Publicado en El Periódico de Catalunya, 1992-III-10
He evocado en público recientemente mi experiencia de chica de pueblo recién llegada a Barcelona - caminar más deprisa y más seria, no hablar con nadie en la parada del autobús aunque se coincida cada día..., que no puedan llamarte pueblerina... -, y me ha sorprendido el eco que he encontrado. No esperaba que aquellos recuerdos estuvieran tan vivos como yo los siento entre quienes hace años vinimos a buscar unas oportunidades que han marcado nuestras vidas. Pero, menos aún, que chicas y chicos de 20 años o menos vivan hoy una experiencia semejante.

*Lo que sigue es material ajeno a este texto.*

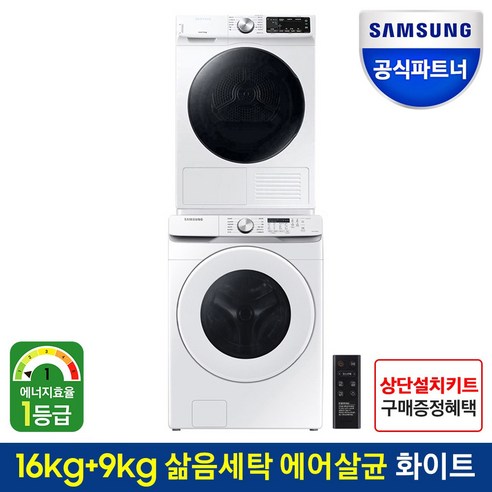 삼성 드럼건조기세트 WF16T6000KW+DV90T5540BW / 16kg+9kg / 화이트색상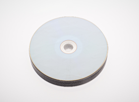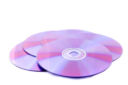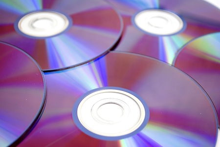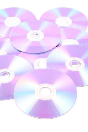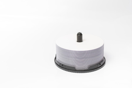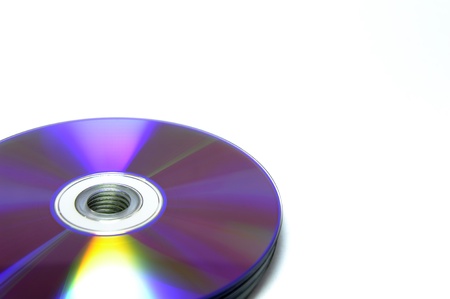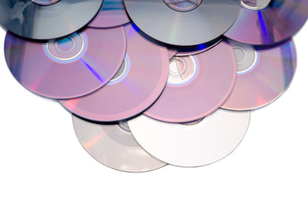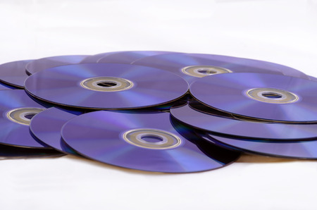 Closeup isolated on white background of a stack compact disc CD and DVD. Pile of cd's, dvd's discs
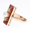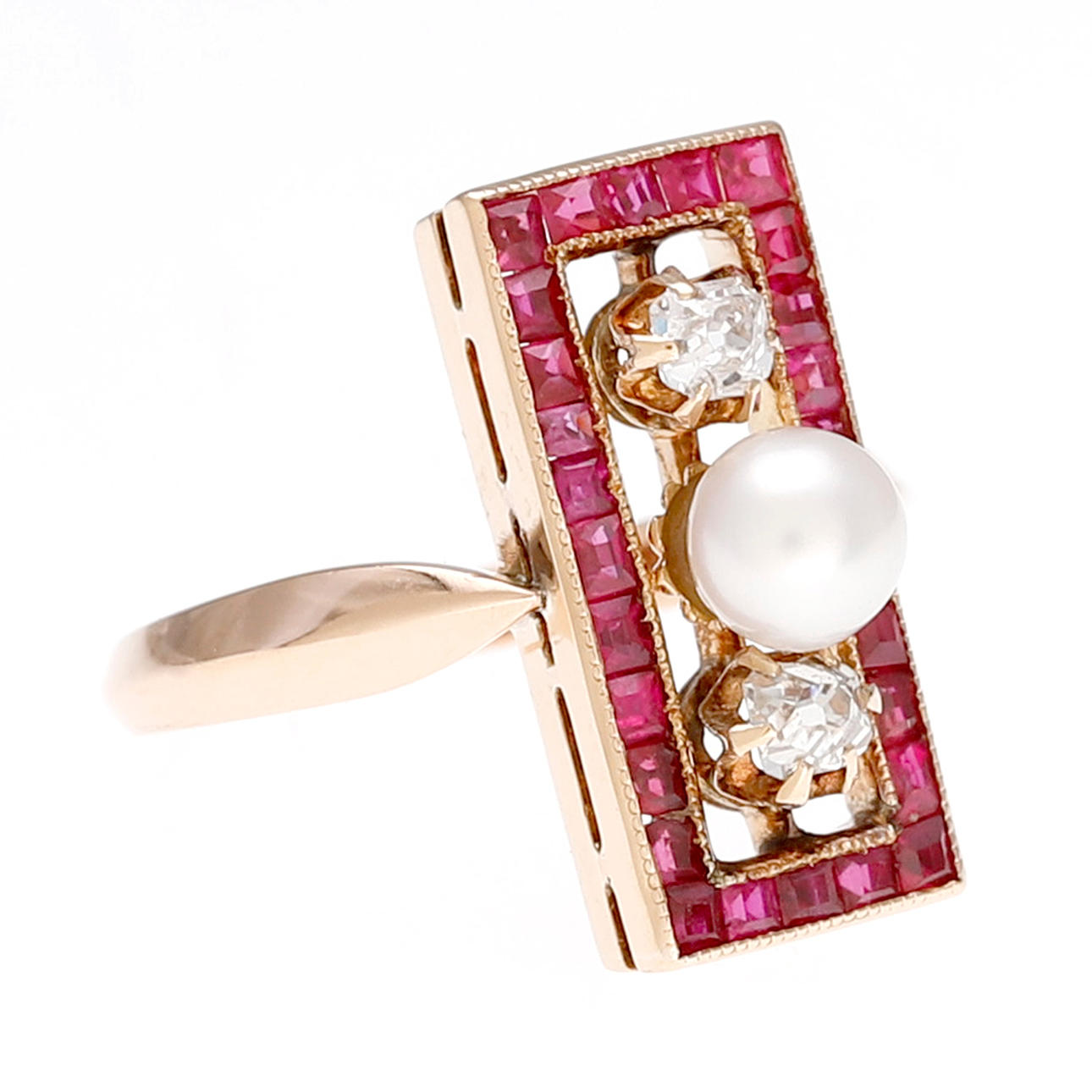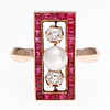 14 Karat Gold, alte Diamanten im Kissenschliff, ca. 0,30 ct, wahrscheinlich synthetische Rubine im Carré-Schliff und Zuchtperle mit 5 mm Durchmesser. Größe 14/54. 5,1 g.

Engañada por las apariencias, creía que la modernización que ha cambiado las calles, las fachadas y el interior de las casas de los pueblos y los ha llenado de coches y electrodomésticos, de tiendas de moda y sucursales bancarias, y, sobre todo, la ventana televisiva abierta a la aldea planetaria, había homogeneizado nuestros comportamientos a la medida urbana. Sin embargo, el sentimiento de ser de pueblo continúa vigente. Pero ya no se trata sólo de un sentimiento que se vive negativamente cada vez que hay que adaptarse a los rigores de la metrópolis - que una cosa es saber cómo hay que comportarse y otra muy distinta comportarse tal como hay que hacerlo -, sino también de un sentimiento positivo hecho del regusto de esos olores, esos ruidos y silencios, esos espacios de dimensiones m s cercanas y esos tiempos más sosegados que nos niega la densidad urbana.
Porque la gran ciudad no es ya el sueño que fue.